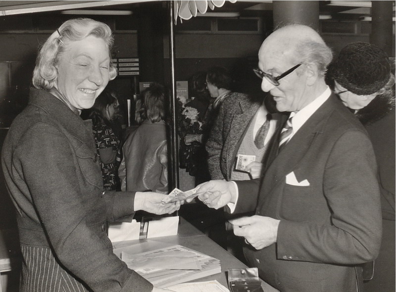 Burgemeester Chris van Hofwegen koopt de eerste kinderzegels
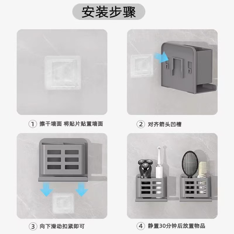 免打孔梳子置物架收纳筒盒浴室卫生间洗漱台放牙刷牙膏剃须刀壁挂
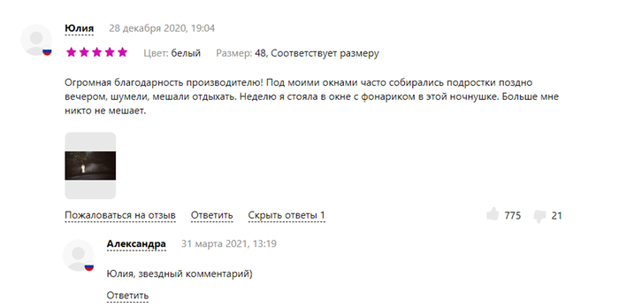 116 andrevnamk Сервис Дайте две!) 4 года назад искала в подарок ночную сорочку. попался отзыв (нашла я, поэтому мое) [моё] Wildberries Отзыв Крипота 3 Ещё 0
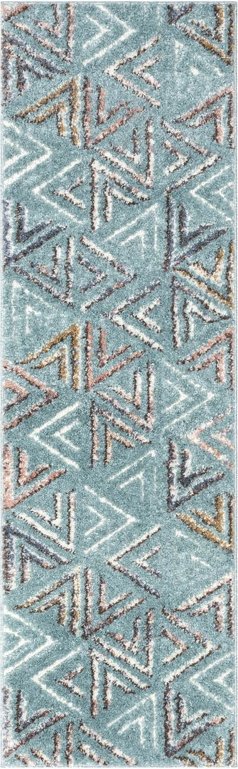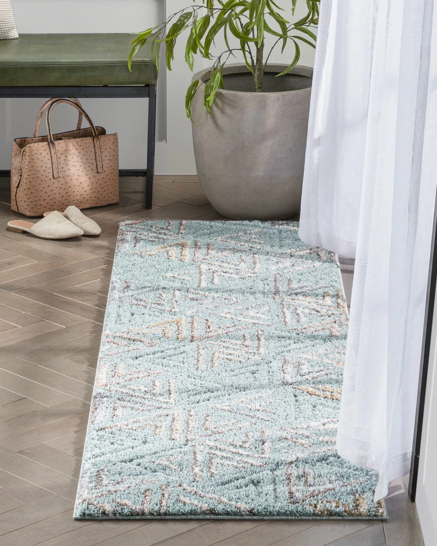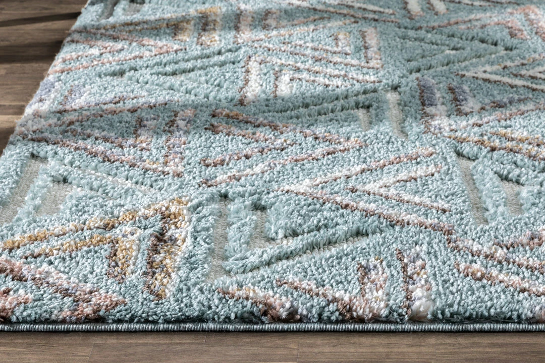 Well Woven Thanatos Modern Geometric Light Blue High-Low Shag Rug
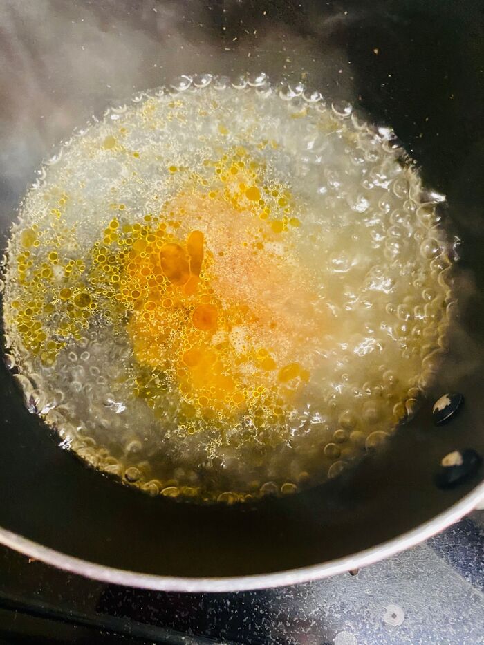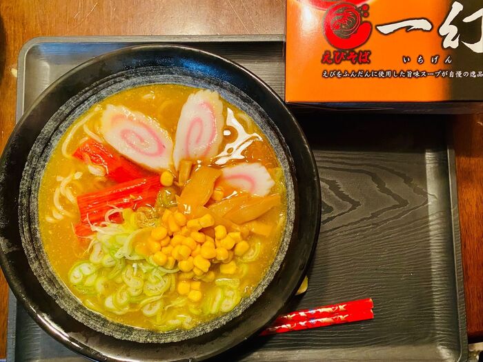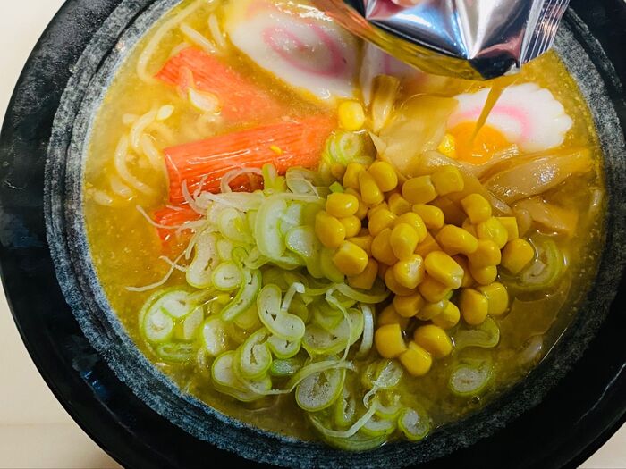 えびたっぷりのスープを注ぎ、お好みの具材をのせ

==

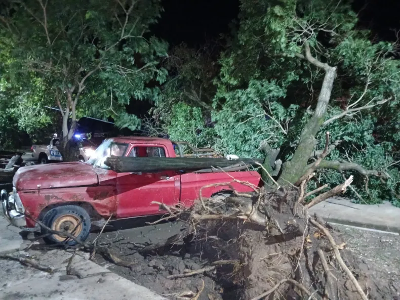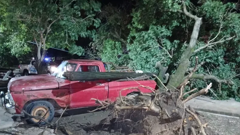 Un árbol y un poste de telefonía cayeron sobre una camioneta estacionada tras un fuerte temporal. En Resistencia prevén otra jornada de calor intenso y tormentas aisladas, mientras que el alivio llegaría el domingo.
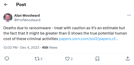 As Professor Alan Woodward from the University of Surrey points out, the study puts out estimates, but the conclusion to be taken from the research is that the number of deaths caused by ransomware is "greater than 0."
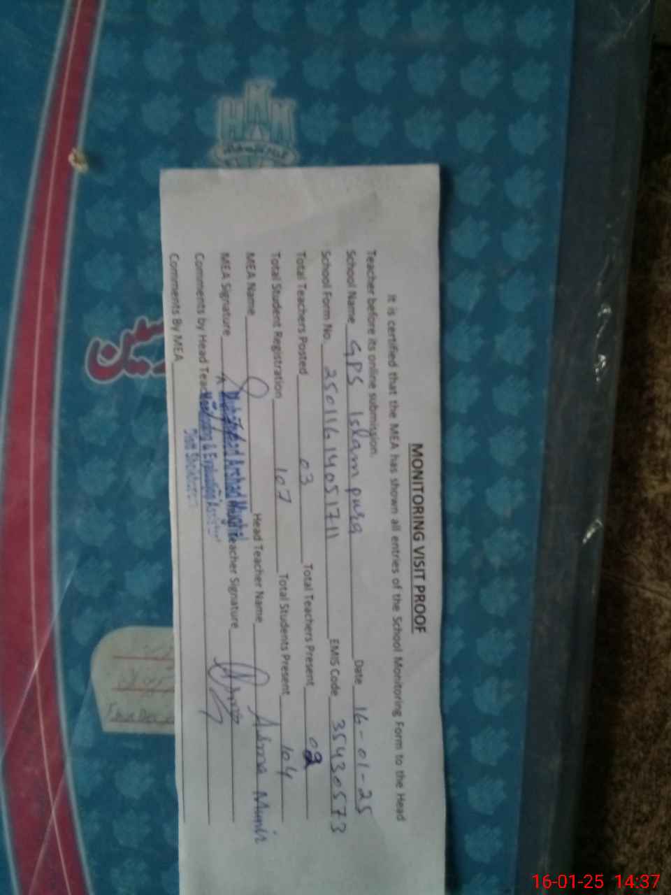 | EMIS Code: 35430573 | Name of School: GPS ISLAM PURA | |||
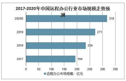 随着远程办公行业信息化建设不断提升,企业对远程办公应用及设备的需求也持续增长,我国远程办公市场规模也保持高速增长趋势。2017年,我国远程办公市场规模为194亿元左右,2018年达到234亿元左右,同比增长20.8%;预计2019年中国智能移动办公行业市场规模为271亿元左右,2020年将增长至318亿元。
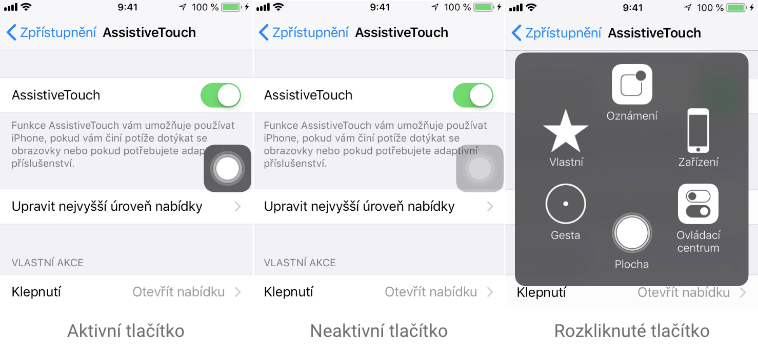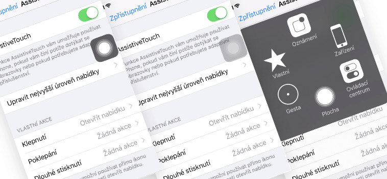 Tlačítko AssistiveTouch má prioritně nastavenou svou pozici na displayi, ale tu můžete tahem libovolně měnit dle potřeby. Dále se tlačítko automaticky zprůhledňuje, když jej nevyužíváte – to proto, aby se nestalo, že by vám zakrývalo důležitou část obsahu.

__The problem__. Keep to the stretch from the line containing "116 andrevnamk Сервис" through the line containing "えびたっぷりのスープを注ぎ、お好みの具材をのせ", both ends included, and copy it exactly from the listing above, minus the pictures.

__Answer to the exercise__.
 116 andrevnamk Сервис Дайте две!) 4 года назад искала в подарок ночную сорочку. попался отзыв (нашла я, поэтому мое) [моё] Wildberries Отзыв Крипота 3 Ещё 0
 Well Woven Thanatos Modern Geometric Light Blue High-Low Shag Rug
 えびたっぷりのスープを注ぎ、お好みの具材をのせ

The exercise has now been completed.